Quand les époux divorcés sont demeurés l'un et l'autre libres après le divorce;
Quand l'un des époux est devenu veuf après un nouveau mariage.
La loi est muette sur le cas de deux époux, remariés chacun de son côté, et devenus veufs l'un comme l'autre. Mais il est à croire qu'elle accorderait aux deux parties ce que, dès aujourd'hui, elle concède à une seule.
On se remarie donc pour le plus grand triomphe de l'Église qui, de toutes ses forces, proclame le dogme de l'indissolubilité,—et pour la plus grande confusion du législateur qui avait affirmé le contraire.
Il y a un cas, défini très nettement et très justement par la loi, où le remariage est impossible:
«Les époux divorcés, dit l'article 295, ne pourront plus se réunir si, postérieurement au divorce, l'un ou l'autre a contracté un nouveau mariage suivi d'un second divorce.»
Cette disposition marque que, dans le temps même où il permettait le remariage, le législateur s'est bien aperçu que le divorce en était diminué d'autant.
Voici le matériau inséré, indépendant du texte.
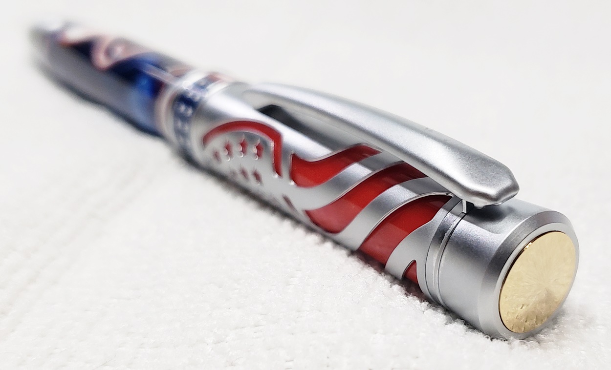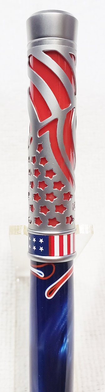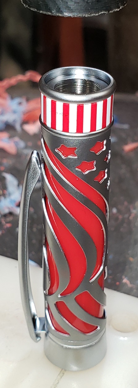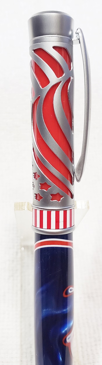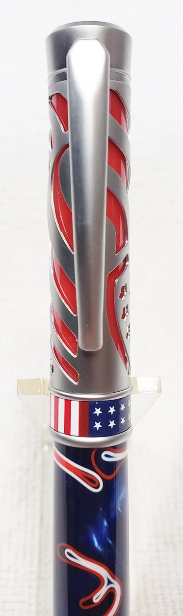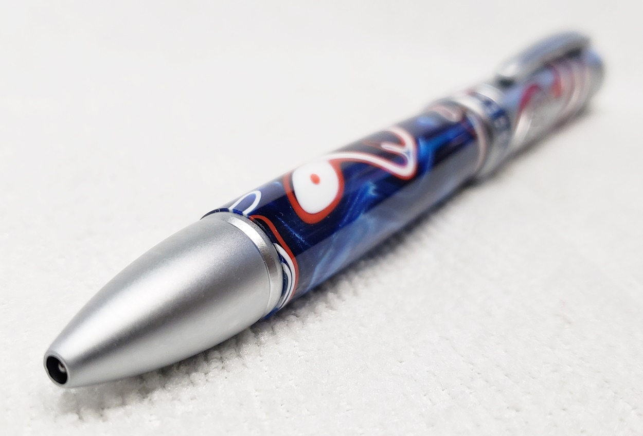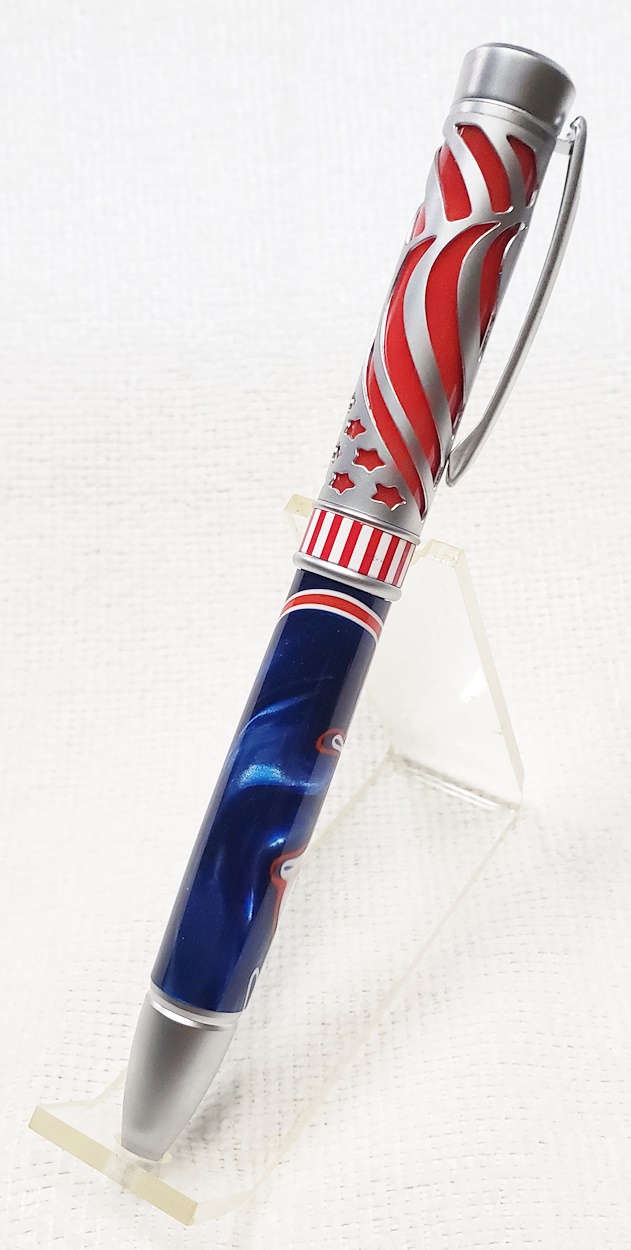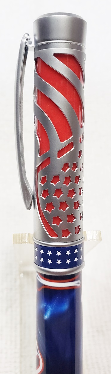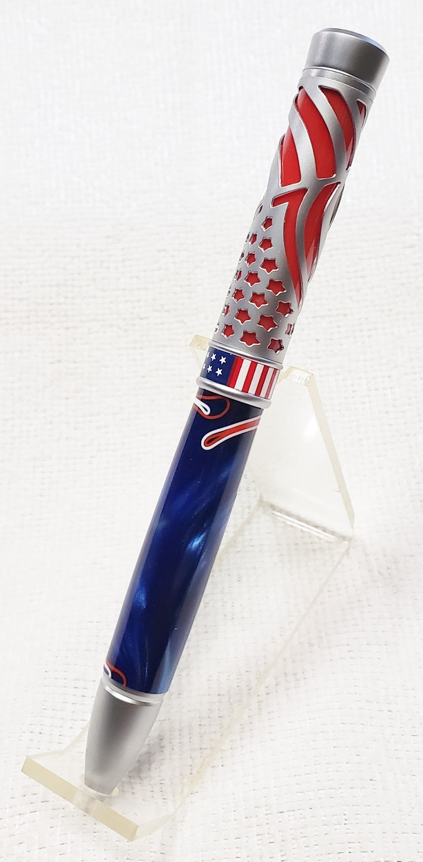 This is a PSI American Pride pen in satin chrome, and is my second. I love love love the details in the filigree! The red, white, and blue blank is a Kirinite Patriot, and looks great with the pen. The red blank is a Football Team Color, also from PSI. Very happy with this one.

Peut-être même a-t-il voulu parer à la botte secrète que lui portait l'Église. Beaucoup d'influences peuvent se mettre en jeu pour circonvenir l'époux divorcé et remarié; on effraie une femme pieuse en lui démontrant qu'aux yeux de la religion, sa vie n'est qu'un adultère; on peut agir sur l'homme par d'autres moyens, par exemple en faisant jouer l'intérêt.
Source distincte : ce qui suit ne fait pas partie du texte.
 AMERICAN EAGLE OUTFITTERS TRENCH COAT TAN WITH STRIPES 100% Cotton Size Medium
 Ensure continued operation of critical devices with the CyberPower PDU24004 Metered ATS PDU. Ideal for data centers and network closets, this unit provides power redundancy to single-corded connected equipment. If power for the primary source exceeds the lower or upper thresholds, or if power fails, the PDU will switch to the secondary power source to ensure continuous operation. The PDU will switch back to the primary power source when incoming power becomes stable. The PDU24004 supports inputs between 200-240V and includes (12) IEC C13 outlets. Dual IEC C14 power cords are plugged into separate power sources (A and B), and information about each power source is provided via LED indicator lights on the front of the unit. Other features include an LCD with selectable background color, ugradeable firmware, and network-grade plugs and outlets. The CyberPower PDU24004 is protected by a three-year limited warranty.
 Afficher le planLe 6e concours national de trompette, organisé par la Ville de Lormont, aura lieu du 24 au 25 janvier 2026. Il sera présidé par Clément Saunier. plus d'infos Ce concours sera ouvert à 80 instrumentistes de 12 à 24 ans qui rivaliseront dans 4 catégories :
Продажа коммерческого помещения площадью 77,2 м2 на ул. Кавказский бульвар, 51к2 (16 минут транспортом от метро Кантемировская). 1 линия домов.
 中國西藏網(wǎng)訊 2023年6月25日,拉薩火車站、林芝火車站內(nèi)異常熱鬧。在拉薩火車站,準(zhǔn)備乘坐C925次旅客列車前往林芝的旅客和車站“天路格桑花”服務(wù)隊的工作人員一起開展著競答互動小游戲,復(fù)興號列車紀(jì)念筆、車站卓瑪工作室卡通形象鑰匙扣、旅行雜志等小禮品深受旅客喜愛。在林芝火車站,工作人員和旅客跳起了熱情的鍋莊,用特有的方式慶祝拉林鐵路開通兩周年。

—Dans ces cas-là, s'est dit le législateur, ce sera l'Église elle-même qui poussera les divorcés remariés à solliciter un second divorce. Et s'ils lui cèdent? S'ils l'obtiennent? S'ils retournent au premier mariage? La loi aura été bafouée, le mariage civil sera tout à fait déconsidéré.
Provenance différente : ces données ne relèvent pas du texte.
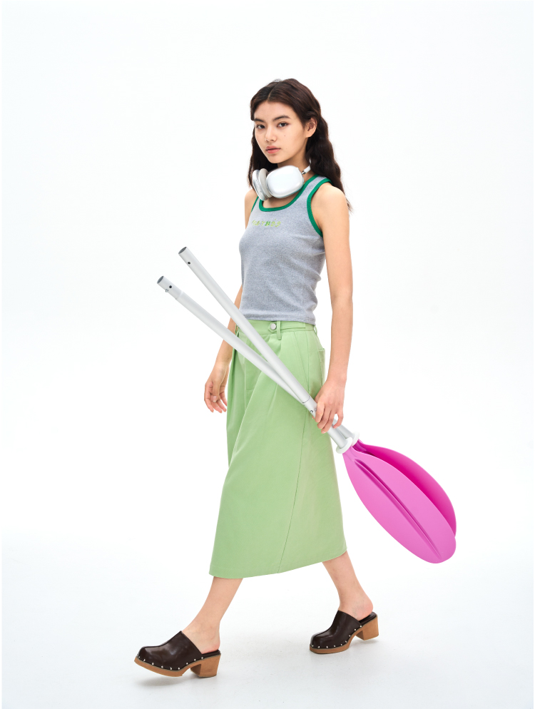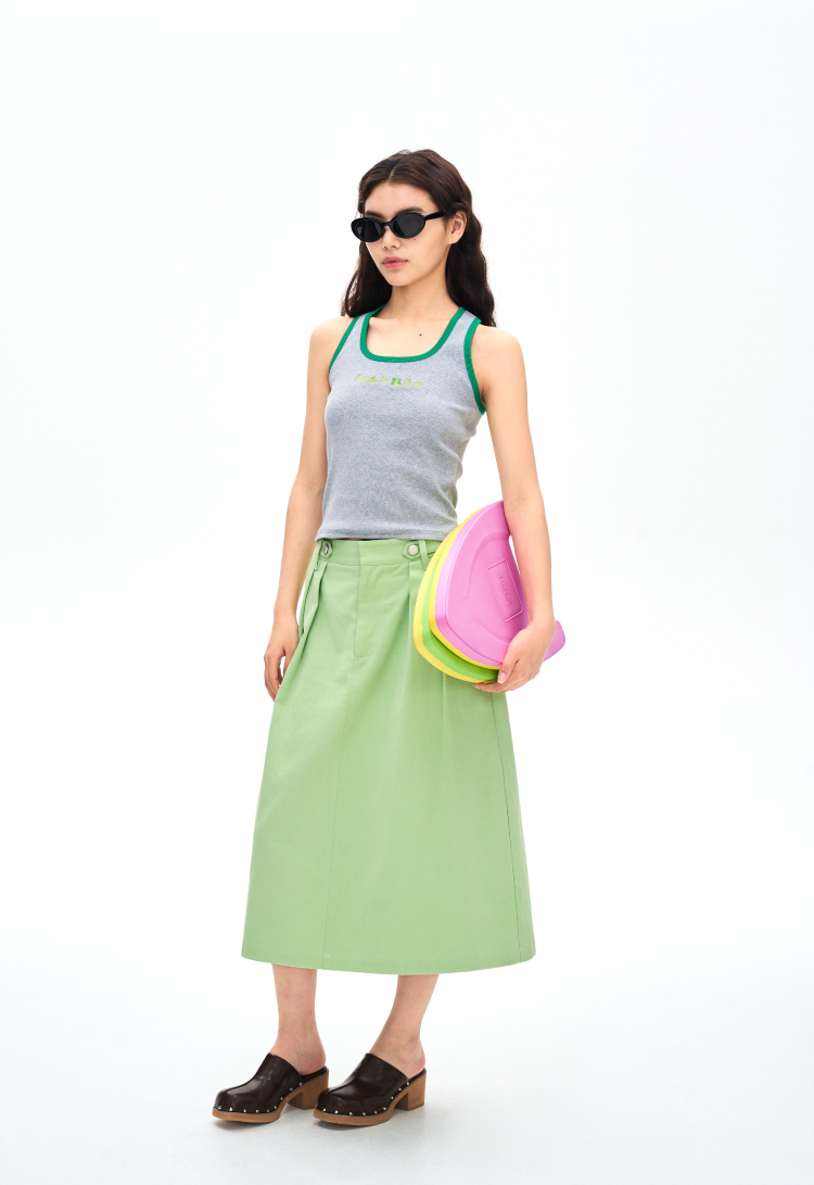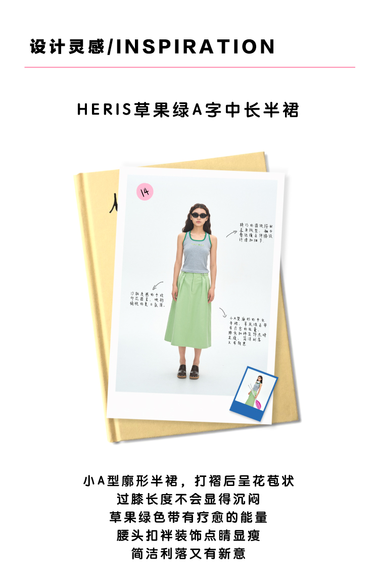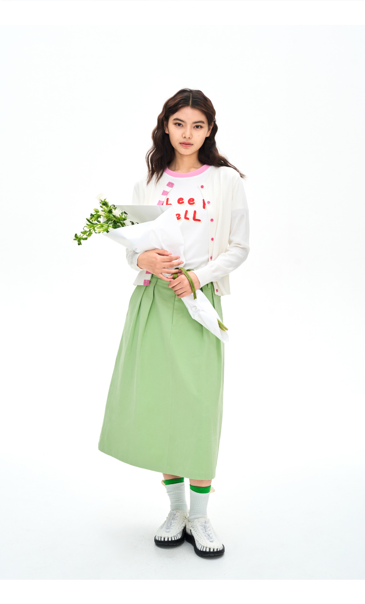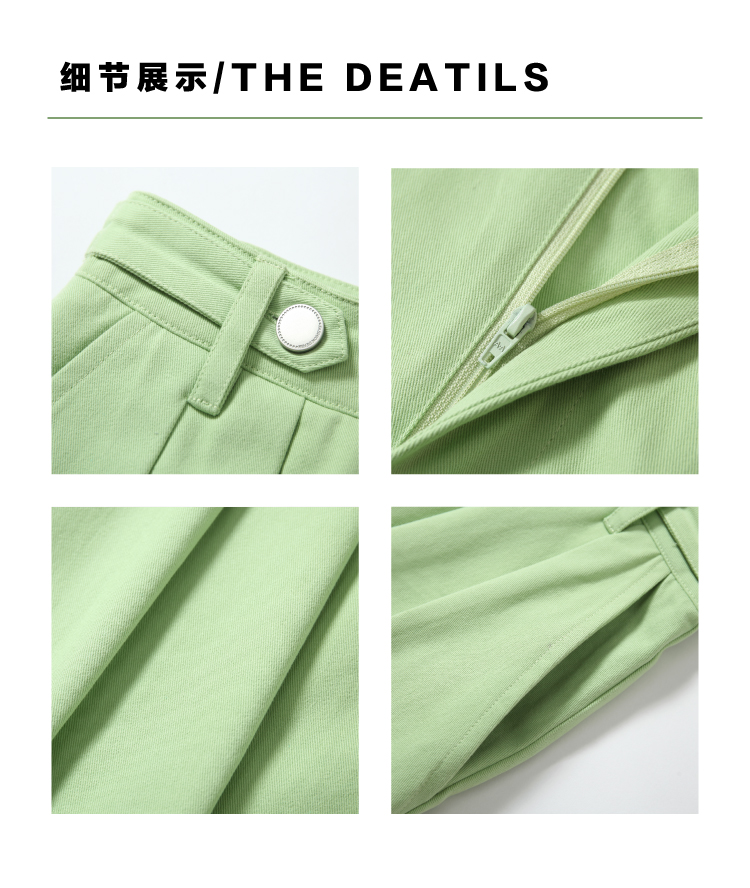 heris/H42114/草果绿细斜棉布 打褶花苞廓形 A字中长半裙百搭

L'interdiction de se réunir à un époux divorcé, après un second mariage et un second divorce, a une utilité plus générale et plus pratique. Il ne fallait pas que le divorce servît à des époux peu scrupuleux et trop d'accord pour sortir de situations financières embarrassées, pour duper leurs créanciers, pour transformer à leur profit, aux dépens des autres, la forme et le fond de leurs affaires. Enfin, le législateur a jugé qu'on devait se méfier grandement d'un époux qui a déjà deux divorces à son actif. Le principe même sur lequel est fondé le divorce empêche qu'on ne limite le nombre des expériences qu'un sujet épris du mariage et difficile à contenter peut risquer au cours de sa vie, mais on a estimé que cet inconstant n'avait aucune chance d'être heureux dans le remariage avec sa première femme, après qu'il n'avait pas pu s'accorder avec la seconde. Non bis in idem, dit une loi fort sage. Comme on était bien décidé à rendre le remariage indissoluble, on ne voulait pas enfermer dans cette cage à loup une brebis qui déjà y avait perdu de la laine. Une troisième victime, à la bonne heure!
J'avoue que la quatrième disposition de l'article 295 choque tous mes instincts de logique.